True wisdom begins with humility before God’s revelation.

Proverbs 30:1 (WEB)

1 The words of Agur the son of Jakeh; the revelation: the man says to Ithiel, to Ithiel and Ucal:

Central Idea

True wisdom begins with humility before God’s revelation.

Authorial Intent

To introduce the sayings of Agur and frame the wisdom that follows with a posture of humility and dependence on divine revelation.

Literary Context

Proverbs 30:1 opens a distinct unit after the conclusion of Proverbs 29 and before the words of King Lemuel in Proverbs 31. Proverbs 25-29 contained sayings of Solomon copied by Hezekiah’s men. Proverbs 30 introduces 'the sayings of Agur son of Jakeh,' and Proverbs 31 introduces 'the sayings of King Lemuel.' The transition is significant because the book widens its wisdom witness beyond the main Solomonic collections. Agur’s sayings begin with an oracle-like superscription and then immediately move into humility before divine knowledge. This opening prepares the reader to hear Proverbs 30 as a meditation on the limits of human wisdom and the necessity of receiving God’s word.

Historical Context

Proverbs 30 introduces Agur son of Jakeh, a figure otherwise unknown from the Old Testament. The title marks a new collection after the Hezekian Solomonic sayings. The exact identity of Agur, Jakeh, Ithiel, and Ukal is debated, and the location or social setting of Agur is uncertain.
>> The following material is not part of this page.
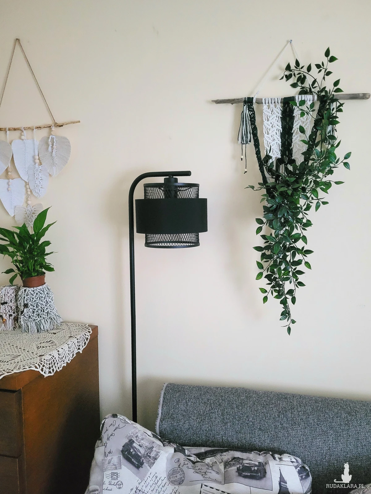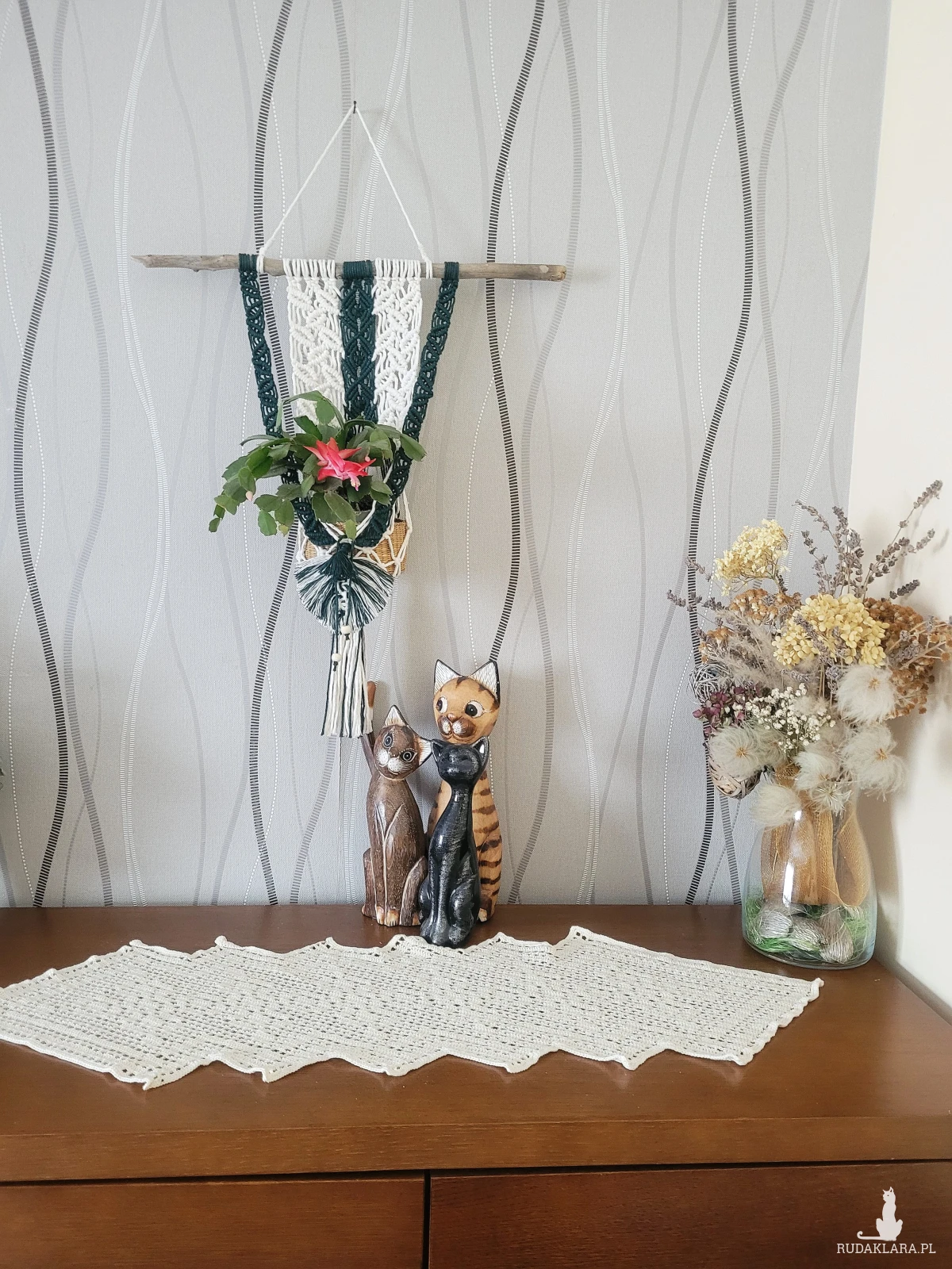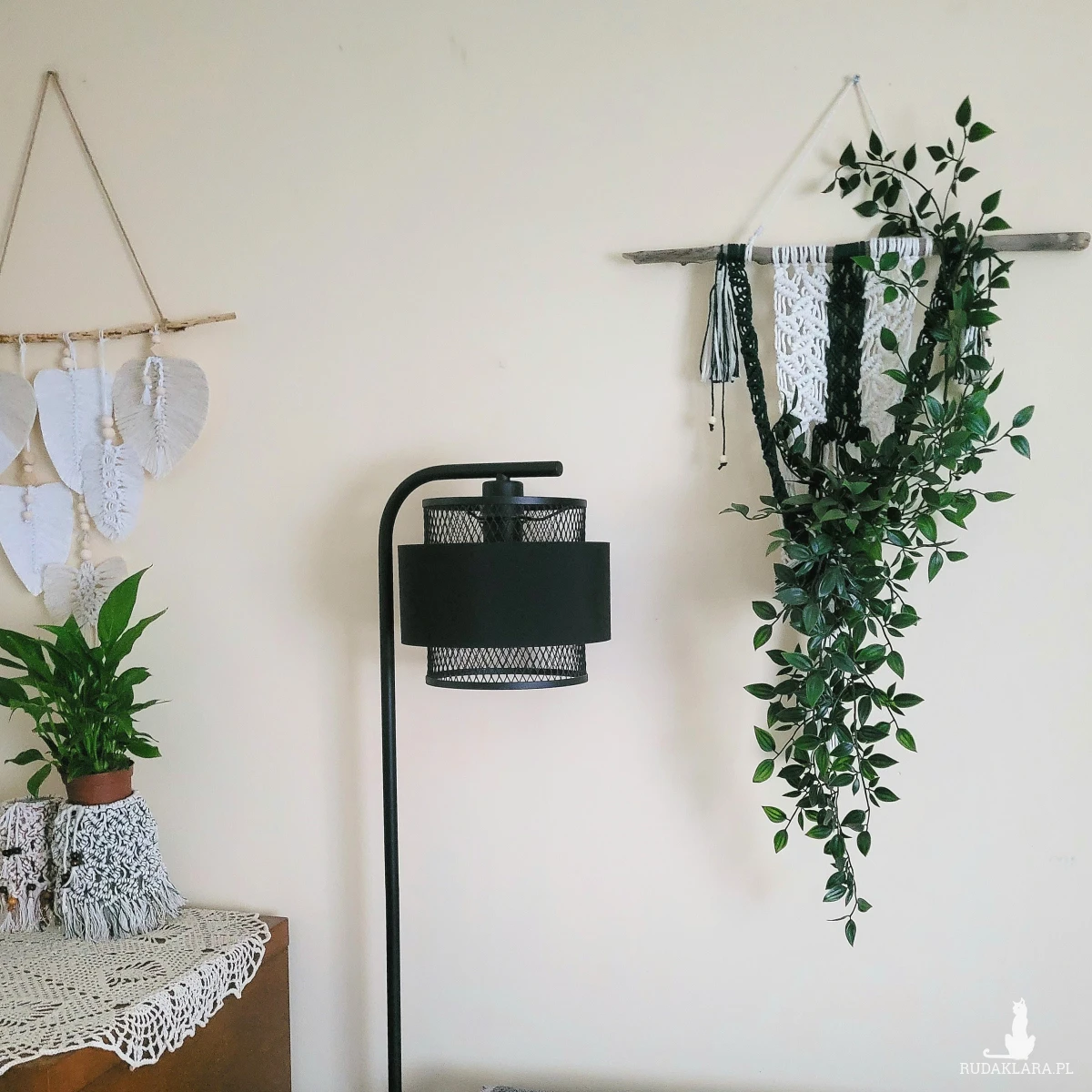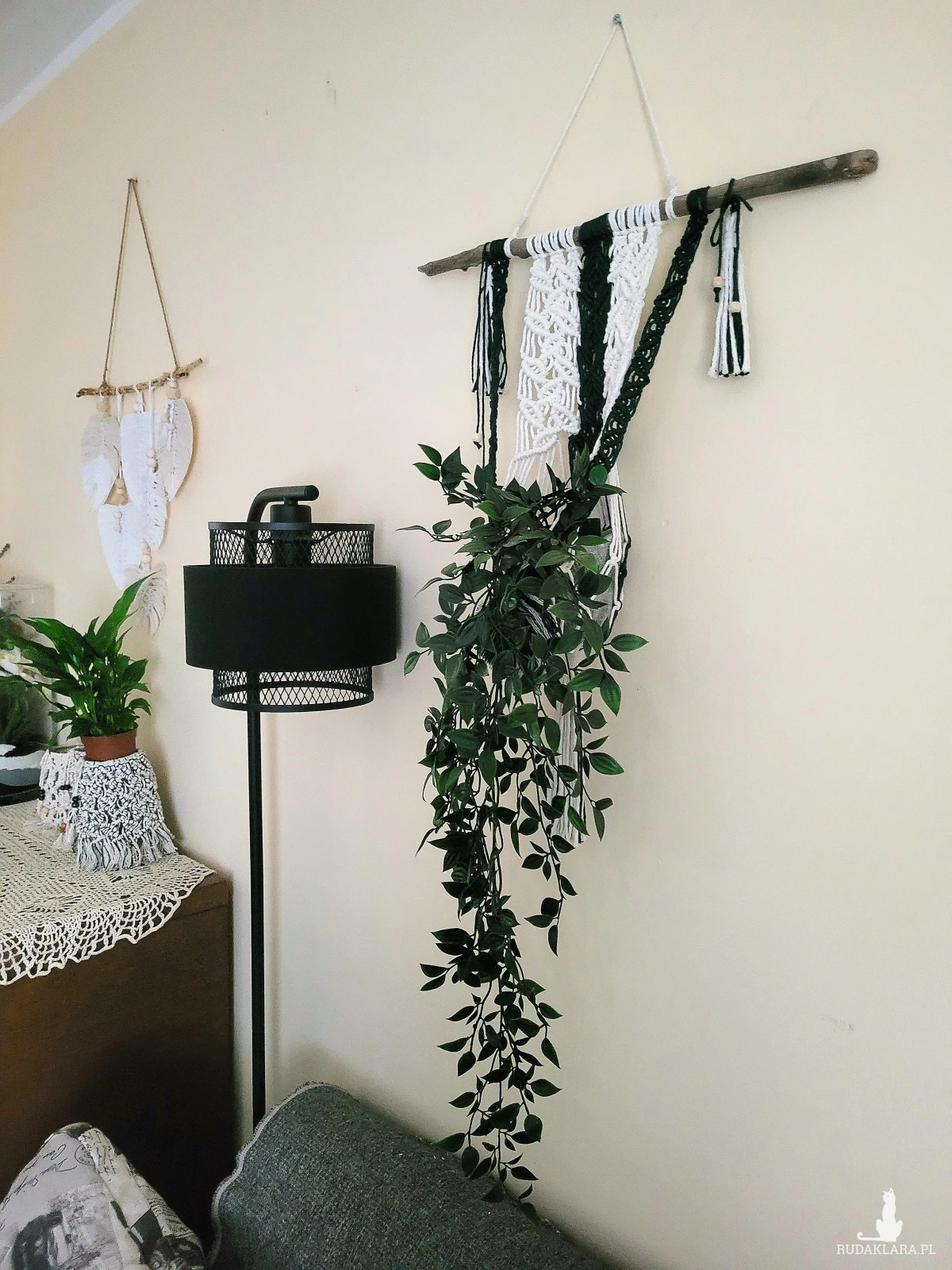 Wykonany jest ze sznurka bawełnianego w kolorach: naturalnym i butelkowej zieleni, na naturalnym kiju. Liść i chwosty można zdjąć albo przewiesić wedle uznania ,co delikanie zmienia jego wygląd (przykładowe wersje widać na zdjęciach) . Kwietnik w razie potrzeby można delikatnie ręcznie przeprać ( suszyć na wisząco lub leżąco)

The safest reading is to treat the verse as a canonical superscription naming the source or speaker of the sayings that follow, while recognizing that the chapter’s authority rests in its inclusion in Scripture and its harmony with the fear-of-the-LORD wisdom tradition.

Chapter: Proverbs 30

The Sayings of Agur: Humility, the Word of God, Contentment, Wonder, and the Limits of Human Wisdom

Wisdom begins with humble confession before the Holy One, trusts the flawless word of God, prays for truthful contentment, learns from creation, rejects arrogance and greed, and restrains self-exalting speech before it produces strife.